- **Work task**:
Return the data below unaltered, but strip out the pictures.

- **Dataset extract**:
Start of Block

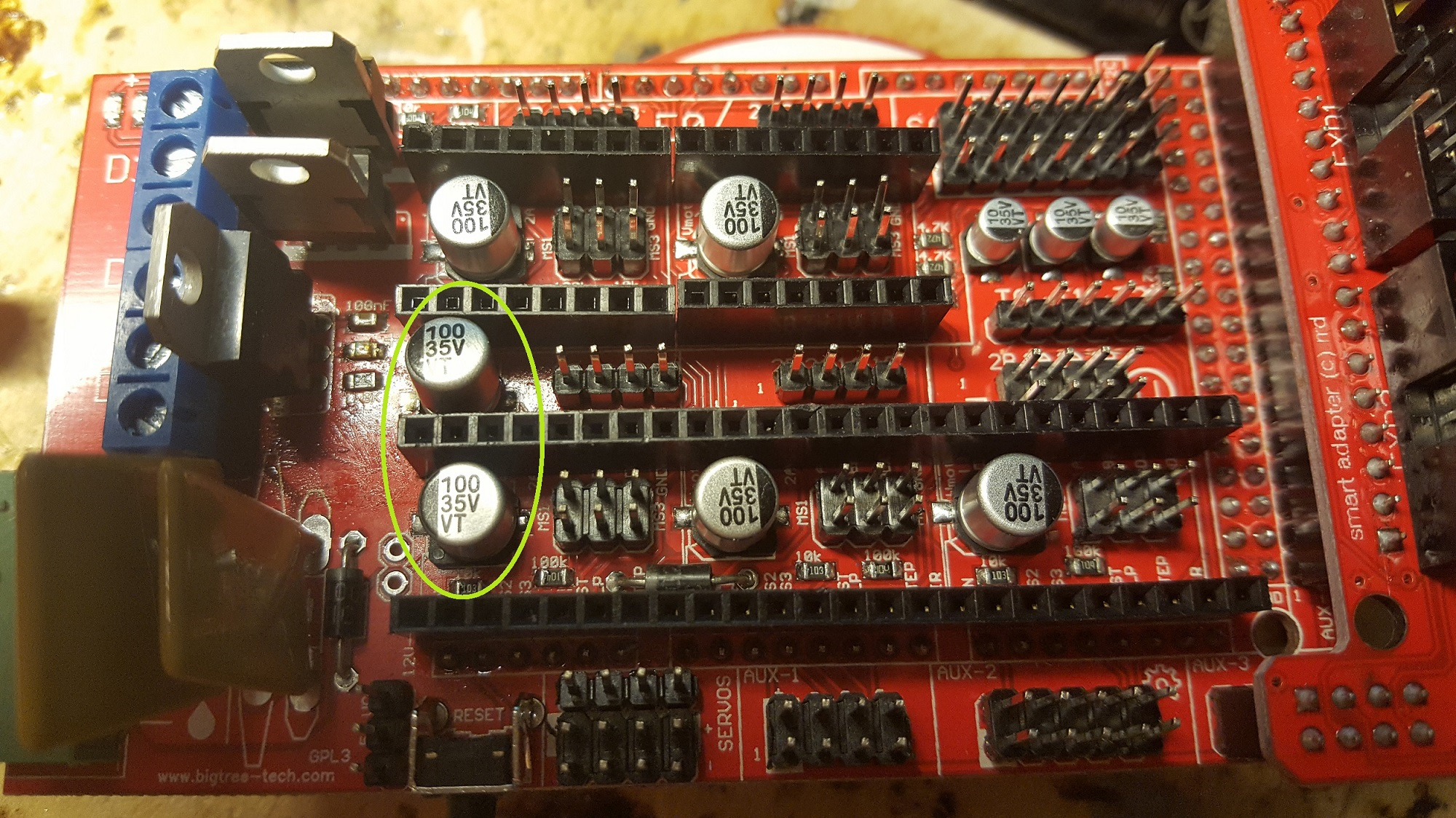 Беглый осмотр показывает - два конденсатора на РАМПСе впаяны с неправильной полярностью. Взорвался электролитический C6.
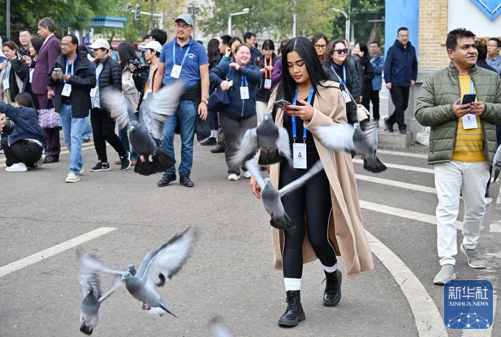 10月15日,與會嘉賓在伊寧市喀贊其民俗旅游區(qū)參訪。 新華社記者 李響 攝
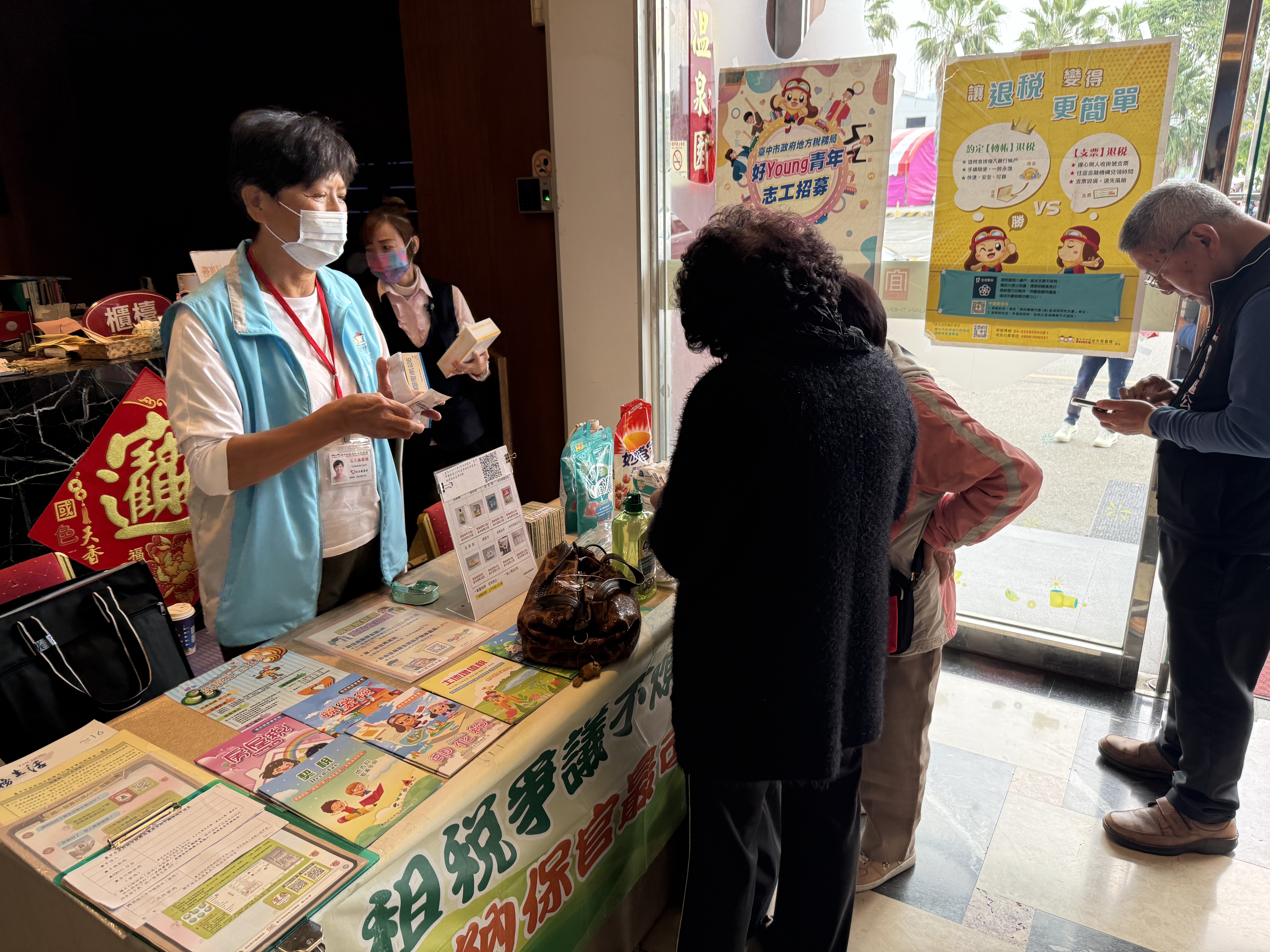 張貼海報宣傳納稅者權利保護法;工作人員服務民眾捐發票、送愛心、做公益及宣導下載使用「統一發票兌獎」APP訊息。
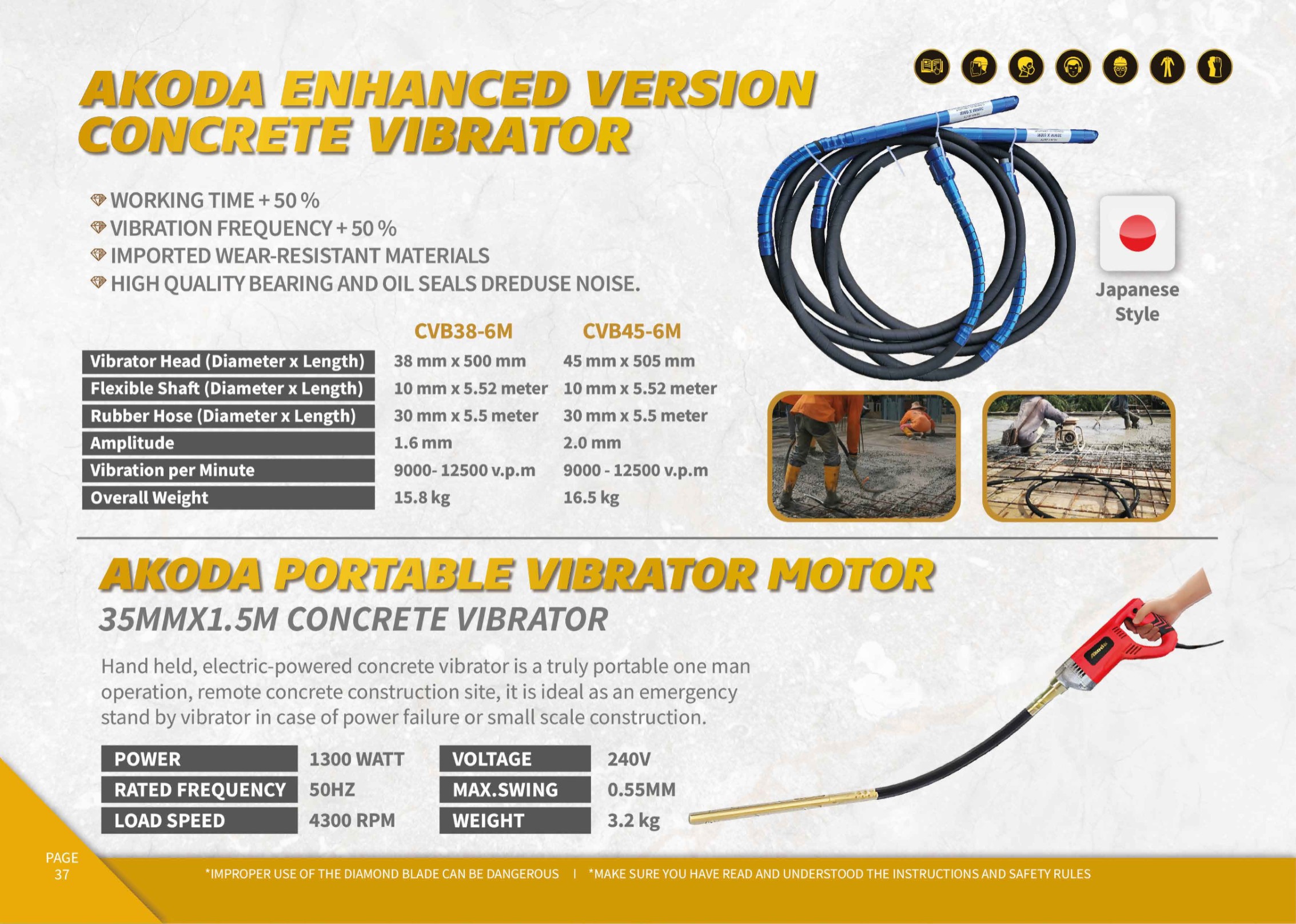 Hand held, electric-powered concrete vibrator is a truly portable one man operation, remote concrete construction site, it is ideal as an emergency stand by vibrator in case of power failure or small scale construction.

End of Block

- **Written answer**:
 Беглый осмотр показывает - два конденсатора на РАМПСе впаяны с неправильной полярностью. Взорвался электролитический C6.
 10月15日,與會嘉賓在伊寧市喀贊其民俗旅游區(qū)參訪。 新華社記者 李響 攝
 張貼海報宣傳納稅者權利保護法;工作人員服務民眾捐發票、送愛心、做公益及宣導下載使用「統一發票兌獎」APP訊息。
 Hand held, electric-powered concrete vibrator is a truly portable one man operation, remote concrete construction site, it is ideal as an emergency stand by vibrator in case of power failure or small scale construction.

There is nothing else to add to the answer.